- [Exercise description] The whole listing below should be retyped exactly, without any images.

- [Exercise data]
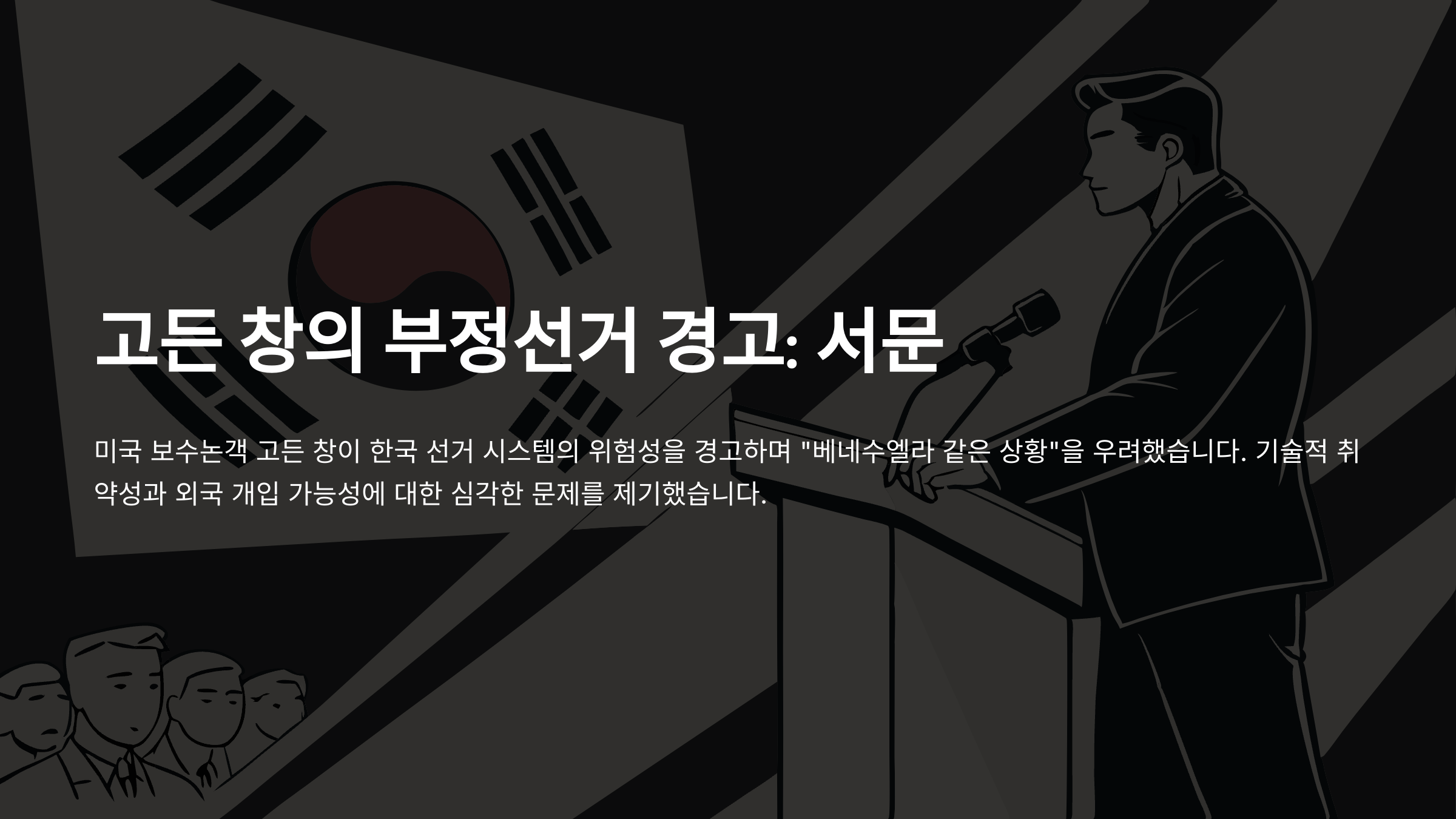 미국 보수논객 고든 창은 최근 한국 선거 시스템에 대해 강한 의혹을 제기하며, “한국이 베네수엘라처럼 될 수 있다”고 발언했습니다. 그는 2020, 2022, 2024년의 선거 결과가 여론조사와 심각하게 괴리되어 있으며, 이는 통계적으로 설명이 불가능하다고 지적했습니다. 그 원인으로는 조기 투표 시스템의 기술적 취약성과 중국 화웨이 서버의 개입 가능성을 들고 있습니다.
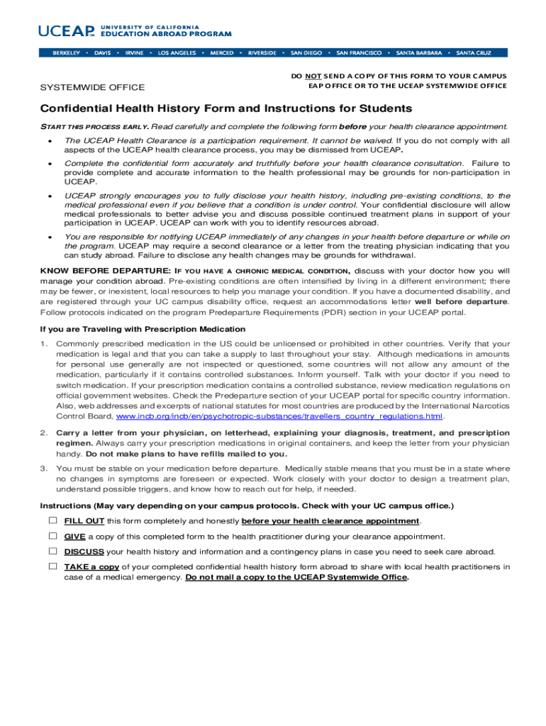 SYSTEMIZE OFFICE DO NOT SEND A COPY OF THIS FORM TO YOUR CAMPUS EAP OFFICE OR TO THE UC EAP SYSTEMIZE OFFICEConfidential Health History Form and Instructions for Students START THIS PROCESS EARLY.
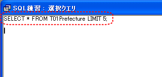 【2】以下のSQL文を入力し、使用するデータベースを選択します。
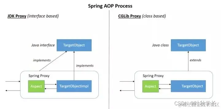 Spring AOP是基于动态代理的,如果要代理的对象实现了某个接口,那么Spring AOP就会使用JDK
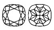 The CUSHION CUT diamond is an antique cut and is also referred to as Pillow cut or the Candlelight diamond. Cushion cut diamonds have larger facets and rounded corners than most cuts so as to increase their sparkle under candlelight.
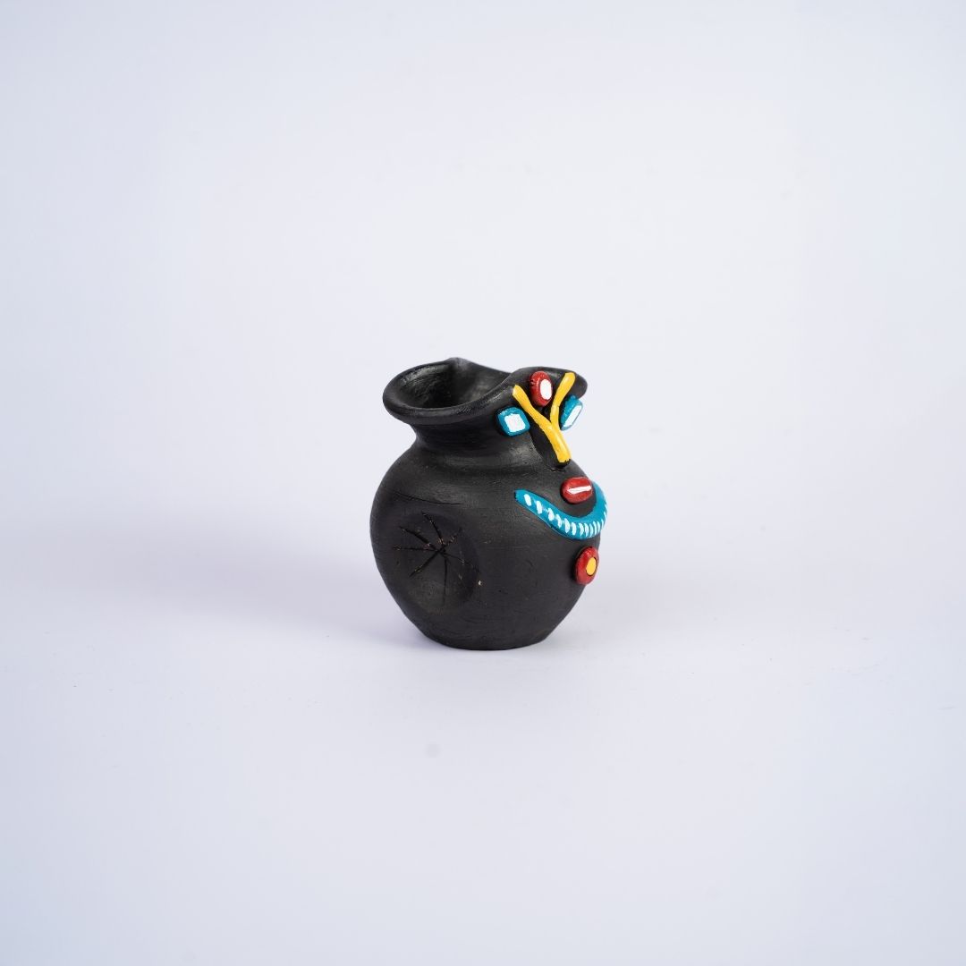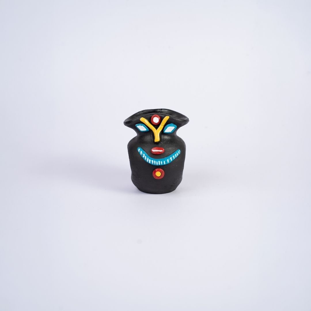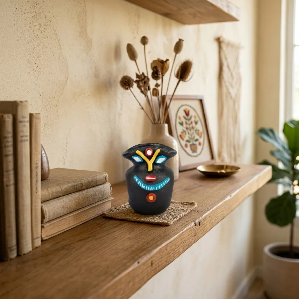 Add a dash of whimsical mystery to your decor with this matte black terracotta face pot. Hand-shaped into a bulbous matka silhouette with a flared crown, its vibrant yellow and turquoise features are painted with artisan soul. This expressive character brings a playful, handcrafted heartbeat to your modern sanctuary.

- [Answer section]
 미국 보수논객 고든 창은 최근 한국 선거 시스템에 대해 강한 의혹을 제기하며, “한국이 베네수엘라처럼 될 수 있다”고 발언했습니다. 그는 2020, 2022, 2024년의 선거 결과가 여론조사와 심각하게 괴리되어 있으며, 이는 통계적으로 설명이 불가능하다고 지적했습니다. 그 원인으로는 조기 투표 시스템의 기술적 취약성과 중국 화웨이 서버의 개입 가능성을 들고 있습니다.
 SYSTEMIZE OFFICE DO NOT SEND A COPY OF THIS FORM TO YOUR CAMPUS EAP OFFICE OR TO THE UC EAP SYSTEMIZE OFFICEConfidential Health History Form and Instructions for Students START THIS PROCESS EARLY.
 【2】以下のSQL文を入力し、使用するデータベースを選択します。
 Spring AOP是基于动态代理的,如果要代理的对象实现了某个接口,那么Spring AOP就会使用JDK
 The CUSHION CUT diamond is an antique cut and is also referred to as Pillow cut or the Candlelight diamond. Cushion cut diamonds have larger facets and rounded corners than most cuts so as to increase their sparkle under candlelight.
 Add a dash of whimsical mystery to your decor with this matte black terracotta face pot. Hand-shaped into a bulbous matka silhouette with a flared crown, its vibrant yellow and turquoise features are painted with artisan soul. This expressive character brings a playful, handcrafted heartbeat to your modern sanctuary.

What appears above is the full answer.